Tristano e Isotta: 5 domande a Gianandrea Noseda

Maestro Noseda, è la prima volta che dirige Tristano e Isotta. Si ricorda la prima volta che l’ha ascoltato in teatro?
«Me lo ricordo. A Bayreuth con Daniel Barenboim che dirigeva e le voci di Siegfried Jerusalem e Waltraud Meier: spettacolare! La magia di sentire il Tristano quando non vedi né direttore né orchestra e quindi il suono nasce dal niente… Quando ho iniziato a dirigere Preludio e morte di Isotta, inizio e fine dell’opera, in forma di concerto, continuavo a pensare a quell’immagine della sala che diventa buia, a quel suono che nasce dal nulla che mi ha stregato, perché non si può riprodurre».

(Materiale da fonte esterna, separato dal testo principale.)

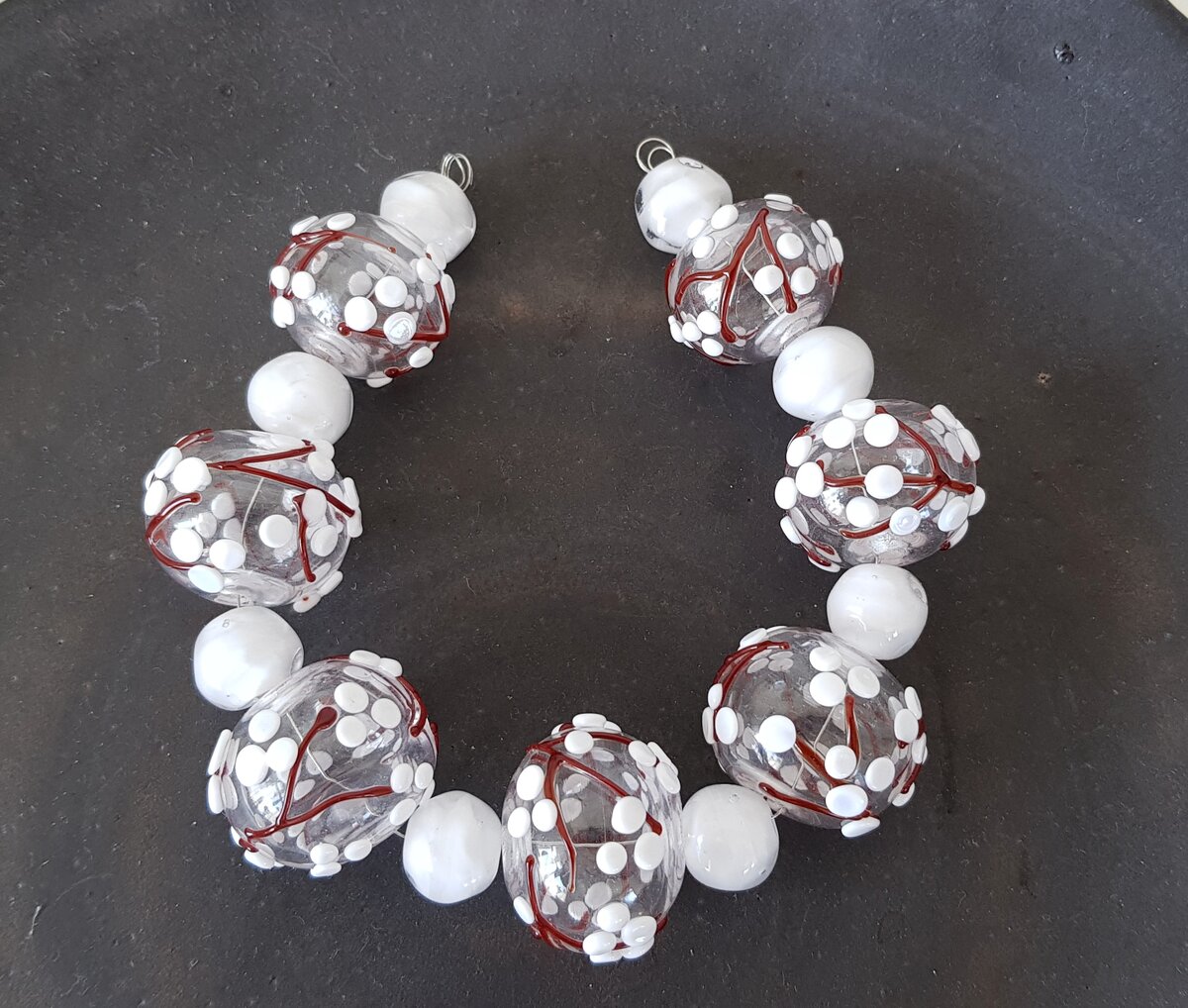 Этот комплект бусин я делаю достаточно редко - нужно особое вдохновение и предельная концентрация. Просто так взять и повторить его сложно, плавали-знаем. Струкрура бусин такова: основа из прозрачного стекла, на нее вплавлены веточки с ягодами, тоже из стекла. Чтобы сделать такой набор, я подбираю три стекла: прозрачное, коричневое и белое. Включаю горелку (как у ювелира, только больше), разогреваю стекло, плавлю основу для бусины. Из цветных нагретых стекол вытягиваю струны, ими рисую в огне по основе - ветки, точки-ягодки. После готовые бусины отправляются в печь на обжиг. Потом их ждет чистка и мойка в воде, высыхание - и комплект готов! Из такого комплекта можно сделать колье на 5 бусин и сережки:) К счастью, я могу работать из дома и никуда не выходить, делая бусины. Это очень актуально на самоизоляции. Другие мои работы из стекла можно увидеть в инстаграме: https://www.instagram.com/veretelnik_natalia/

Se Tristano e Isotta non esistesse, la storia della musica sarebbe diversa?
«È difficile ragionare con i se e con i ma, ma sono convinto che sarebbe andata in un’altra direzione, anche se non so dire quale! E’ incredibile il cambio di marcia che Wagner compie con Tristano. Io adoro Lohengrin, penso che sia un’opera stupenda, poi arriva Tristano e pensi: ma il Lohengrin non faceva percepire il Tristano! Da dove salta fuori? Sì, è vero, aveva già iniziato il Ring e lo interrompe per scrivere Tristano, però… Nel Tristano c’è una facilità di mano, di scrittura incredibile per una pagina così nuova».

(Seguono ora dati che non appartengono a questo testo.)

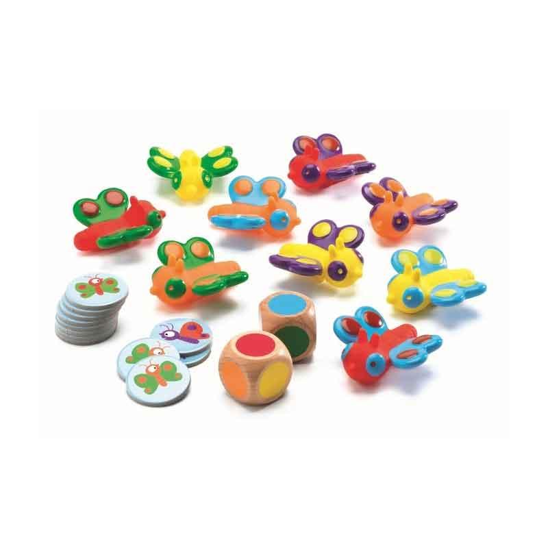 Incluye: 9 mariposas. 2 dados de colores. 30 fichas e Instrucciones.
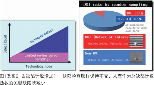 半導(dǎo)體制造中廣泛采用晶圓自動(dòng)檢測(cè)系統(tǒng)已逾30年。在線晶圓檢測(cè)有助于推進(jìn)制造技術(shù)的發(fā)展,它能早期檢測(cè)到工藝中的缺陷,從而減少開發(fā)時(shí)間并防止產(chǎn)出超時(shí)。過去,檢測(cè)缺陷的能力是主要關(guān)注點(diǎn)之一,但現(xiàn)在的要求改變了。近幾年來,每一晶圓的缺陷計(jì)數(shù)迅速增長至每一晶圓多達(dá)100萬個(gè)缺陷,這是因?yàn)榫A尺寸變大,同時(shí)檢測(cè)技術(shù)靈敏度更高了(圖1)。雖然總檢測(cè)計(jì)數(shù)增加及關(guān)鍵缺陷尺寸變得更小,這一時(shí)期缺陷檢查的典型策略并未改變,尤其是在隨機(jī)取樣占主導(dǎo)的缺陷檢查區(qū)域。這種情況能產(chǎn)生常與干擾缺陷在一起的缺陷pareto圖(圖2)。
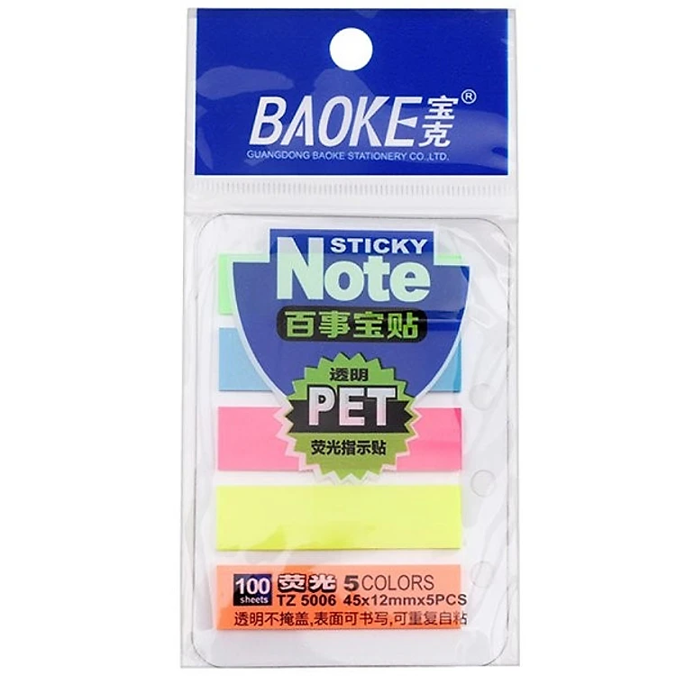 Giấy phân trang / Sticky Note 5 màu Baoke TZ5007/5006, 100 tờ

Quindi è più un’opera di amore o di morte?
«Di entrambe, perché l’amore non può esistere senza la morte. Tristano è il tentativo spasmodico di un essere umano, di Wagner, di creare, di ricreare una continua  situazione di estasi. E ci riesce: dove tutto è bello, dove l’estasi si prolunga, dove il momento del godimento e dell’amore si può prolungare nel tempo. E quando arriva al suo acme tu muori, è una musica dove amore e morte si abbracciano e si baciano intensamente».

In quest’opera la notte quanto è importante?
«La notte ti permette di essere te stesso, di giorno devi assumere il tuo ruolo formale, quello che la società ti ha dato. Di giorno sei Il cavaliere al servizio del re, nella notte sei Tristano, sei il vero te stesso».

Quali sono le difficoltà per l’orchestra? La concentrazione? La tenuta?
«Sicuramente perché è un’opera lunga, però la tenuta di per sé è una questione di resistenza. Quello che bisogna ottenere è di trattarla come se fosse una grande opera di musica da camera cosa che ovviamente non è perché ci sono tante masse che suonano, ma tutto deve essere intelligibile».